2.2e-16 happens to be the epsilon of a double-precision float (i.e. a decimal number stored using 64 bits). Roughly, this means that if you try to calculate 1 – epsilon, with anything smaller than epsilon, the answer will be 1.

In R, you can calculate this by running the following code (+2 due to convention):

i <- 1 while (1-2^(-i) != 1) {i <- i + 1} 2^(-i + 2)

Which you’ll find is the same as the built in constant .Machine$double.eps (which is 2.2e-16).

Note that if you are trying to add 1e-17 to 1 you won’t get anything useful, but adding numbers with more similar exponents everything works just fine.

> 2.2e-16 + 1.3e-17 [1] 2.33e-16

In fact, doubles can store between 2^-1023 and 2^1023, around 1e308, so why are they being truncated at 2.2e-16?

R stores all of its decimal numbers in the double format, and can be quite stubborn about not reporting them below this *upper bound* on rounding error.
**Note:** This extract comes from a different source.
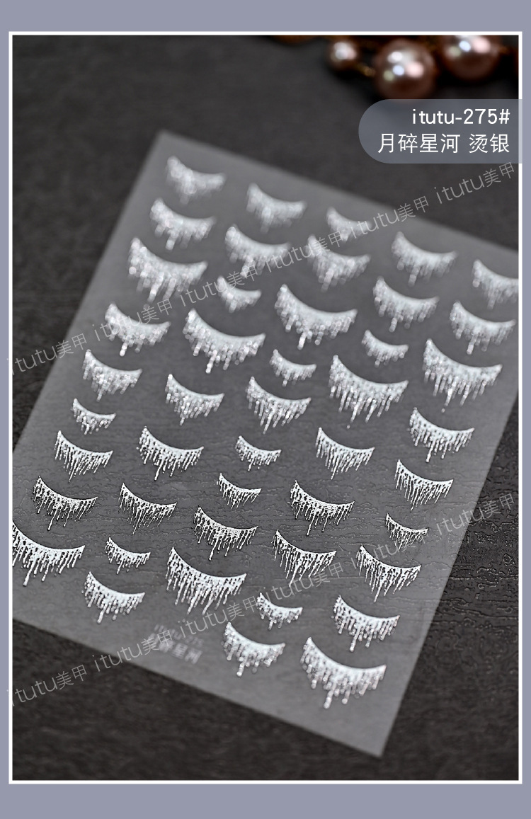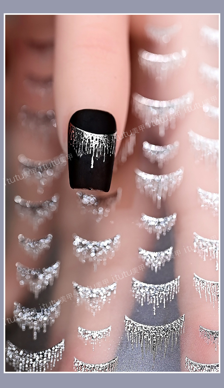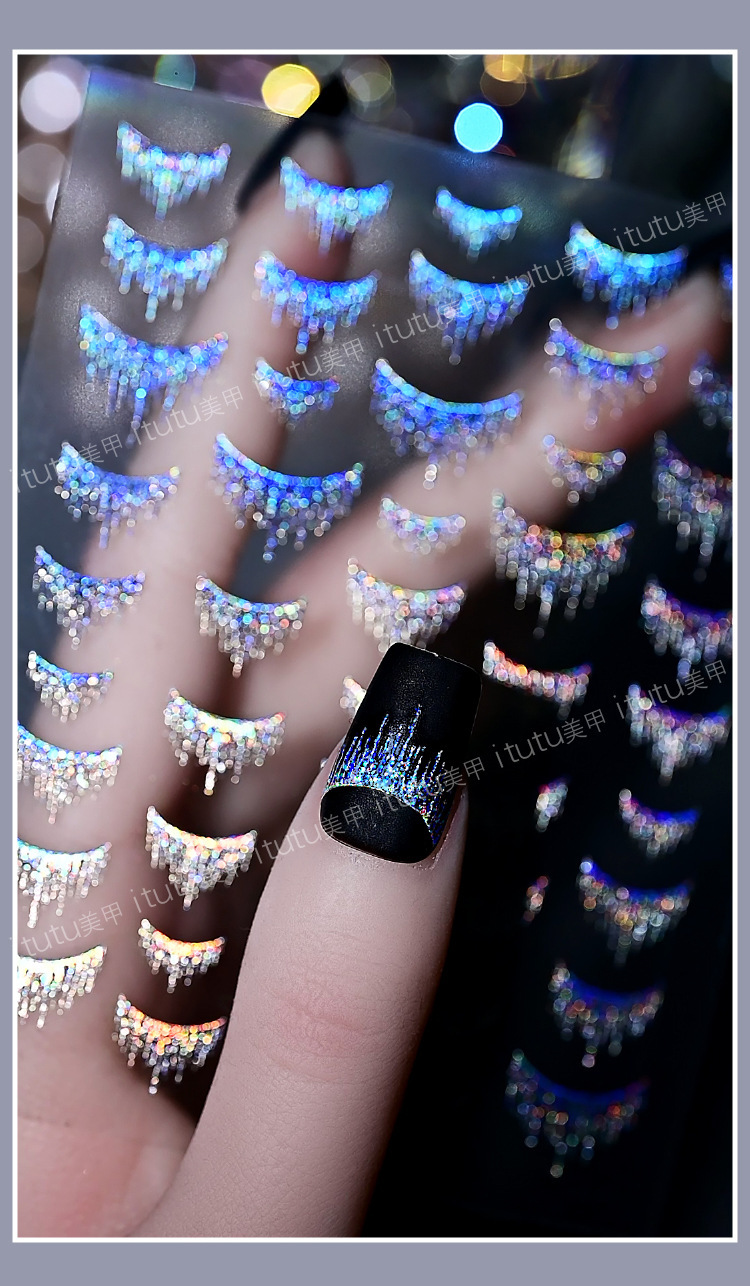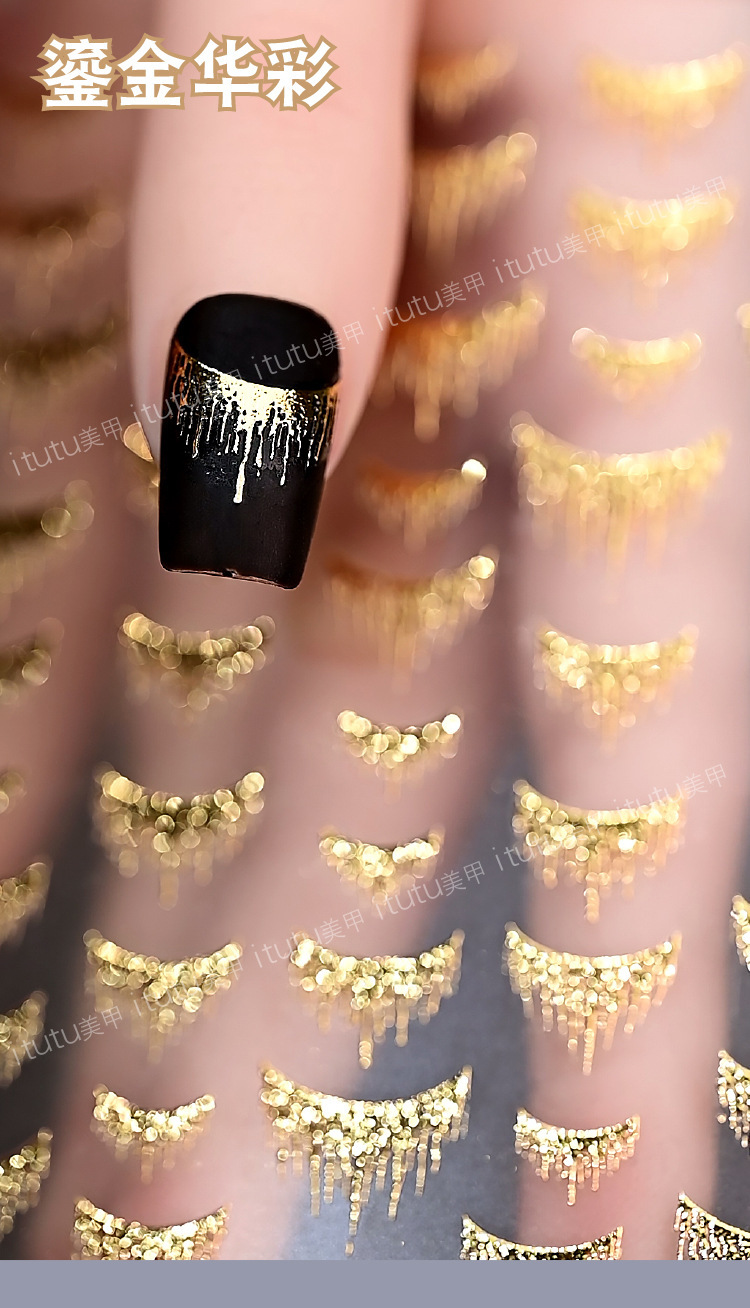 Artículo de uñas nuevo pegatinas de estampado de oro brillante estampado de uñas estampado de oro años de polvo láser estampado de plata bordilla al por mayor

You can happily compare, add and subtract values of this 2.2e-16 magnitude, but if you started working with values out of this range you might run into problems. So R truncates it for you.

With datasets of even modest size, it’s easy to get p-values below this enforced bound:

> chisq.test(c(80, 1)) Chi-squared test for given probabilities data: c(80, 1) X-squared = 77.049, df = 1, p-value < 2.2e-16

So what should you do? Firstly, I’d start by asking whether the p-value at this level is actually meaningful. Is the model you’ve used to calculate it accurate enough to be this confident about the p calculation? Can we really make any meaningful interpretation of what say p < 1E-10 means (the rarest event I know of that has happened is around p < 1E-12). In this case, rather than reporting 2.2e-16, I’d just round your value and use something like p < 1E-10 (or p << 1E-10).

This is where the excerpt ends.